International Publication No. 2003/009363 Japanese Patent Publication No. 2001-506808 Japanese Patent Laid-Open No. 2011-187881 Japanese Patent Publication No. 2002-507326

However, in the above prior art, a problem occurred because consideration of the following points was insufficient.

That is, in the conventional plasma processing apparatus, the lift pins are accommodated and arranged inside a hole arranged in advance in the wafer stage, and the lower part of the lift pins is a motor or actuator arranged in a space provided below or below the wafer stage. is connected to a support (also referred to as a support member) connected to a drive device including It is provided with the structure which can move between positions which support a wafer on the upper surface of a wafer stage. The hole in which the lift pins are accommodated is a metal film made of a dielectric material that is disposed to cover the upper surface of the wafer stage base material having a cylindrical or disk shape and contains an electrode for electrostatic absorption, or additionally the wafer stage base material. It is constituted by penetrating an insulating disk member connected to the bottom surface of the , and the space is disposed below the base material of such a wafer stage.
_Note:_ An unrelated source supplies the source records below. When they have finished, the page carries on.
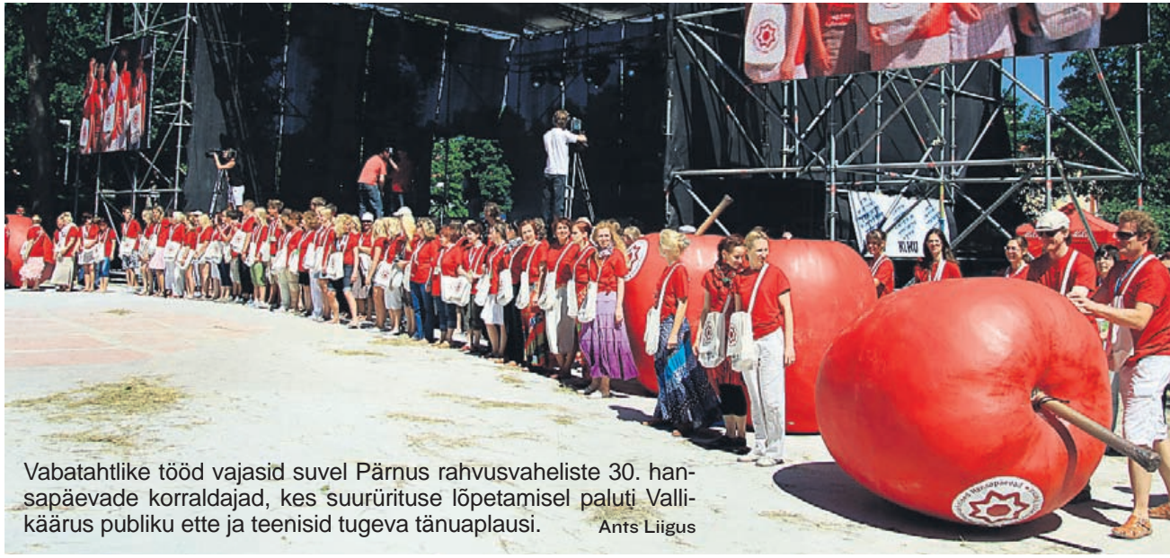
Vabatahtlike tööd vajasid suvel Pärnus rahvusvaheliste 30. hantsapäevade korraldajad, kes suurirituse lõpetamisel paluti Vallikäärus publiku ette ja teenisid tugeva tänuaplauusi. Ants Liigus
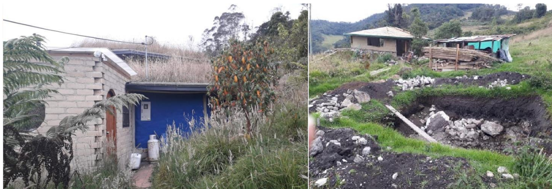
Área de casa habitacional y otra en construcción.

Con un área de 0,3423 es equivalente al 7,6 % del total del predio, esta zona comprende dos casas principales, una cabaña secundaria y un salón pequeño; adicionalmente y el carreteable que va de la vía principal a las cabañas.
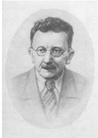
В.Н. Сорока- Росинский
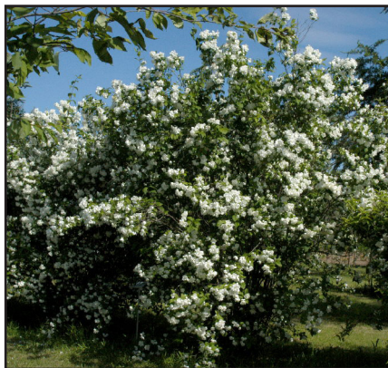
Seringat Philadelphus coronarius
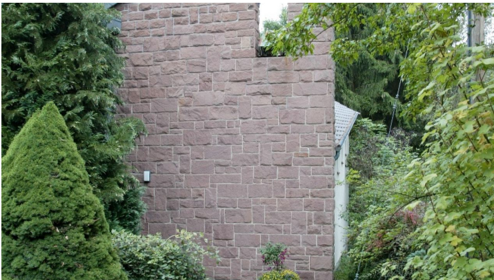
Kirche Betzigerode - © Tourist-Info Bad Zwesten, Edersee | Deine Region: wild, bunt, gesund.
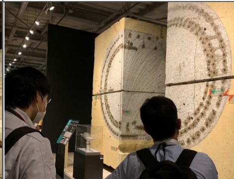
▼被災した橋脚の損傷原因や二次災害防止の補強について、実物の断面を見ながら説明していただきました。
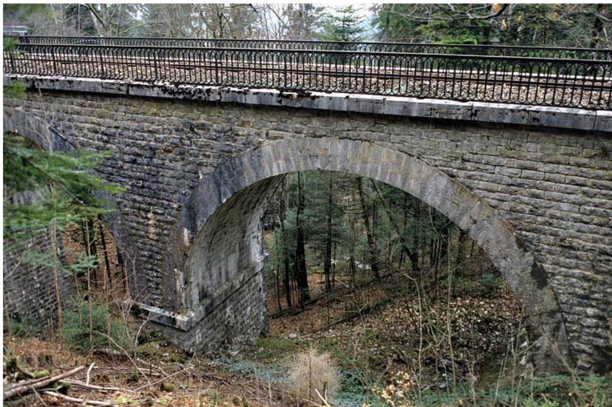
Viaduc : détail d'une travée, au sud (côté rocher).

39, Le Vaudioux Route forestière de Sous la Baume, lieudit : Malproche
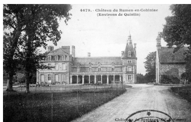
Vue générale IVR53_20042209044NUCB
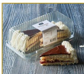
Othellokage 2 stk. Varenr. 301616 6 æsker. pr. kolli Vægt 2 stk. 185 g
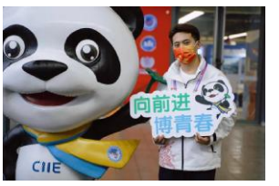
6789: ; < = > @ABC DEFG 2020
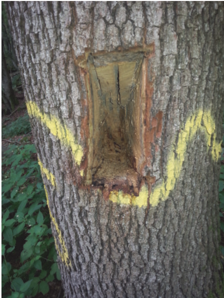
Abb. 2: Künstliche Baumhöhle in einer Eiche

und gedeihen. Es können dadurch jedoch wertvolle Strukturen für Baumhöhlen bewohnende Tiere (wie Vögel, Fledermäuse, Käfer etc.) entstehen, sobald Fäulnisprozesse eine oft beträchtliche Höhle im Inneren des Stammes entstehen lassen.
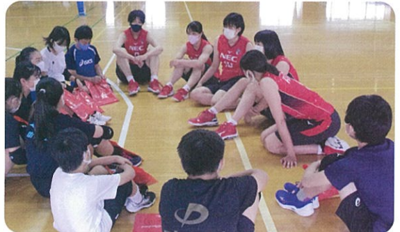
終わった後は、選手への質問コーナー

参加した小学生や保護者の方からメールで多数の感想が寄せられました。その中の一部を掲載します。
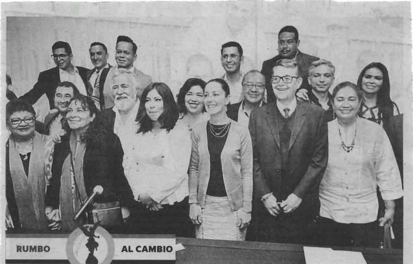
· La Jefa de Gobierno electa, con diputados de Morena al Primer Congreso de la CDMX

In addition, in the case where the plasma processing apparatus is made of a metal member and the inner wall of the processing chamber in which plasma is formed is covered with an insulator (dielectric) and the lift pins are made of a dielectric material, the support member is made of metal There is a case where a part with a surface made of an electroconductive member is exposed in a space below the base material by being positioned under a lift pin, such as made of a member. In such a case, a plasma is formed inside the processing chamber and high-frequency power is supplied to an electrode inside a metal substrate or dielectric film, and power leaks between the conductive member and the wafer during processing such as etching a semiconductor wafer, There was a problem in that the potential of the self-bias of the wafer became a value different from the value at which the desired result of the process was obtained, and the yield of the process was impaired.
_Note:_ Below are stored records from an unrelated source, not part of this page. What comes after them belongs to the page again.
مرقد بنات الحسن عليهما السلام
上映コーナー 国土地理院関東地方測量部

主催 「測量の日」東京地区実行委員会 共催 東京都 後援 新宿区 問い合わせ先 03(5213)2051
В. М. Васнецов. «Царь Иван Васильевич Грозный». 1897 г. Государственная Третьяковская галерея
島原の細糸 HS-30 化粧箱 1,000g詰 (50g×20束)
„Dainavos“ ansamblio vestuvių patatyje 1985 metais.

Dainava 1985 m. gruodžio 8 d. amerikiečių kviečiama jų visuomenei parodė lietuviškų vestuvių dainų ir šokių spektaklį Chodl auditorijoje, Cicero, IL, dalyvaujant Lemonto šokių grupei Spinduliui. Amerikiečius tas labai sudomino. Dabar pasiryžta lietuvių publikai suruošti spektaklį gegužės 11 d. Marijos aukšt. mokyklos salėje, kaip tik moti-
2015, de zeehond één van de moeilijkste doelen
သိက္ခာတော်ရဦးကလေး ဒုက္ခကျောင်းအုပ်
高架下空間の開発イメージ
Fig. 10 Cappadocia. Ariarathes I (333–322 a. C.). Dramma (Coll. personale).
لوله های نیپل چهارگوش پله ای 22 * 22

In the above-mentioned prior art, the problem that the electric potential of the wafer does not become an appropriate thing, and a foreign material generate|occur|produces was not taken into consideration.

An object of the present invention is to provide a plasma processing apparatus capable of stabilizing the potential of a wafer during processing to improve the processing yield.

The above object is to provide a processing chamber disposed inside a vacuum container and having a plasma formed therein, a wafer stage disposed inside the processing chamber and on which a wafer to be processed is placed thereon, and disposed in a dielectric film covering the upper surface of the wafer stage an electrostatic chuck comprising a film-shaped electrostatic adsorption electrode for electrostatically adsorbing the wafer placed on the dielectric film; A plasma processing apparatus having a lift pin disposed inside a wafer stage and moving up and down to move the wafer up and down, the lower part of which is connected to a member of a conductive material, wherein an electrical resistance between the electrostatic adsorption electrode and the wafer The value Resc, the electrical resistance between the plasma and the ground electrode through the inner wall surface of the processing chamber, Rc, the withstand voltage between the plasma and the vacuum vessel constituting the processing chamber, Vt, the wafer actually occurs during processing of the wafer Let δmax be the expected maximum value of the difference between the self-bias voltage Vdc and the expected value Vdcs, and the resistance Rps between the DC power supply and the lower part of the lift pin electrically connected thereto is 100 MΩ>Rps>1/{ Vt/((δmax-Vt) Rc))-(1/Resc)}, and the average value of the potential of the electrostatic adsorption electrode is Eesc, This is achieved by adjusting the voltage value Eps and the average value Eesc of the electric potential of the electrostatic absorption electrode to coincide with the expected value Vdcs of the self-bias voltage of the wafer.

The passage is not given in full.